> I finally was able to capture a full heap dump during a crash using the Debug Diagnostics Tool. Not sure if this is
> helpful at all..
The list has a message limit, but I got it via list owner, and yes, it helps enormously.
It confirms there's a bug in either the SP's code using the GCM encryption support in Santuario or the Santuario support for that algorithm which I had to completely wing since OpenSSL's documentation consists of its source code. Both are a possibility since GCM is never seen in SAML due to the lack of support outside Shibboleth.
This confirms that the crash is happening due to the use of the new cookie recovery feature, and that's exactly what I assumed. I don't know how to load test that code easily at this point, but please file a bug and attach that dump image and I can at least start the process of eyeballing code.
Your only fix at this point is just not using that feature for the time being.

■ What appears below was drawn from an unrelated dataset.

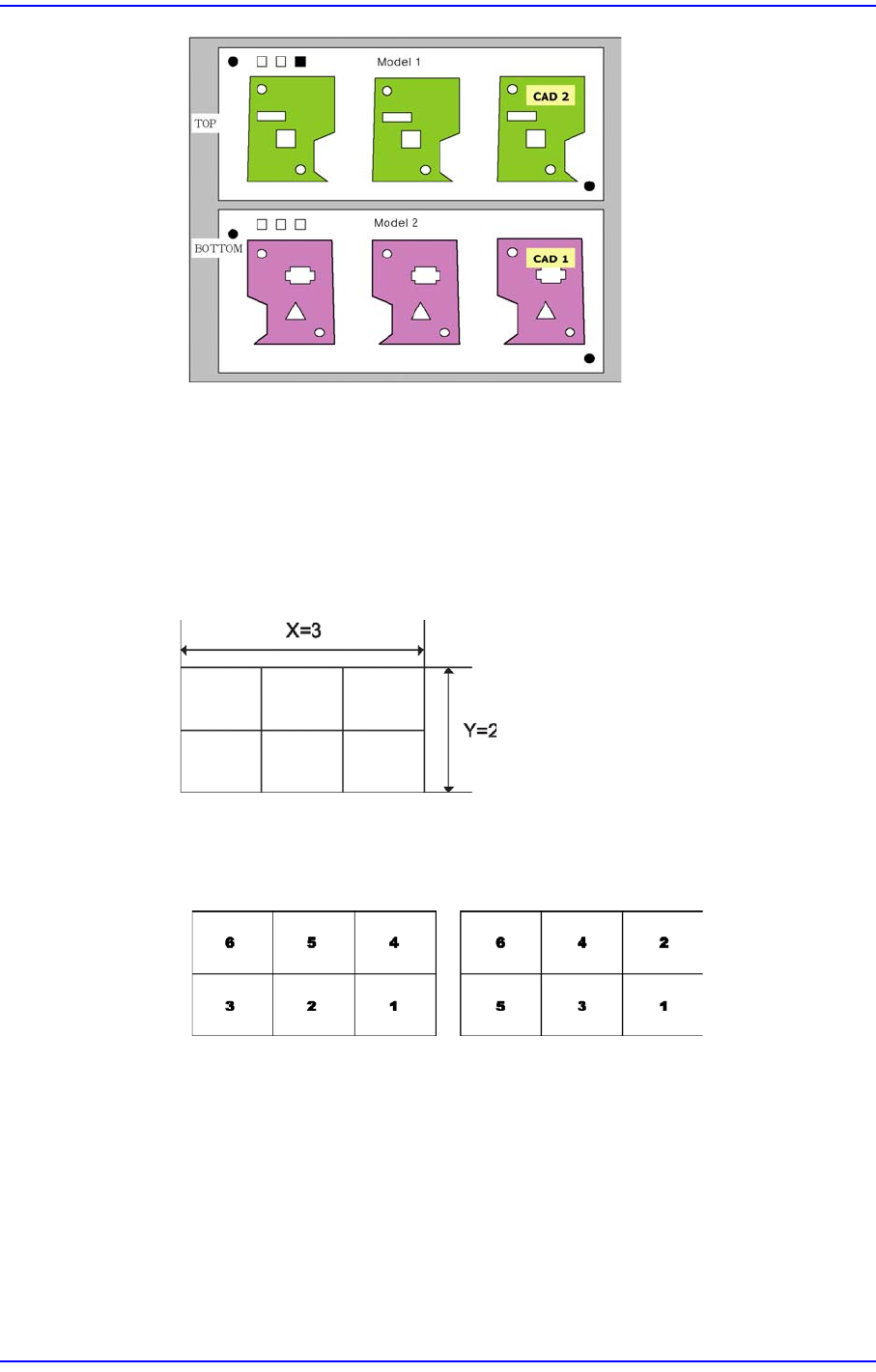 2-29 Board 定义 <4. 拼版设置 ( 标准类型 )> 领域 进行多片 PCB 的初始化。 此功能在多片 PCB 为常规的排列方式时 , 自动 设定各 单片的偏移量。 < 数量 > 编辑框 输入多片 PCB 的排列片数 双 击该编辑框, 就会出现可以输入数字的数字输 入窗口。 < 计数方向 > 选项按钮领域 选择多片 PCB 的各单片的编号方法。 识别 Array PCB 内的小…

I greatly, greatly appreciate the time you spent to bottom this out, it's sincerely a big help given the small amount of time I have to spend on the SP.
> Your only fix at this point is just not using that feature for the time being.

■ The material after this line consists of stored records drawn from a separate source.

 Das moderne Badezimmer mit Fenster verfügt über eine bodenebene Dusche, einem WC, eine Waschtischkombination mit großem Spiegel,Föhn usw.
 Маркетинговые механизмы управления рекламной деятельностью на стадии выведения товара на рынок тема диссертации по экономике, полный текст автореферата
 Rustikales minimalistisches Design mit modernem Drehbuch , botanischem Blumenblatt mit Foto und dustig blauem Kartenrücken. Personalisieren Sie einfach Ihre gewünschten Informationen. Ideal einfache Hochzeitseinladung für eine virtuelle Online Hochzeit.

(*) Technically you could add a catchAll="true" to the OutOfProcess element to force it to trap the exception caused by the crash and kep shibd upright, but in practice that's not a great idea since the state of the heap at that point is unclear. The process may just destablize anyway.
> We are seeing two types of crashes one is the one I sent you earlier, and this is the second type. Both happen two to
> three times per day. We were thinking the increasing the StackSize on the TCP Listener might help with this one???
No, they're the same GCM bug. You will (largely anyway) not get crashes if you don't use the cookie session option.
The stack size issue in fact is not a factor now at all. I had forgotten that the move to 64-bit ended the constraints on address space. The old 32-bit builds were limited to 2-3G of VM depending on OS, and that was very possible to exhaust under enough load and enough threads, though very rarely on Windows. 64-bit systems have no meaningful limit on VM allocation so that's totally irrelevant now, just a historical artifact.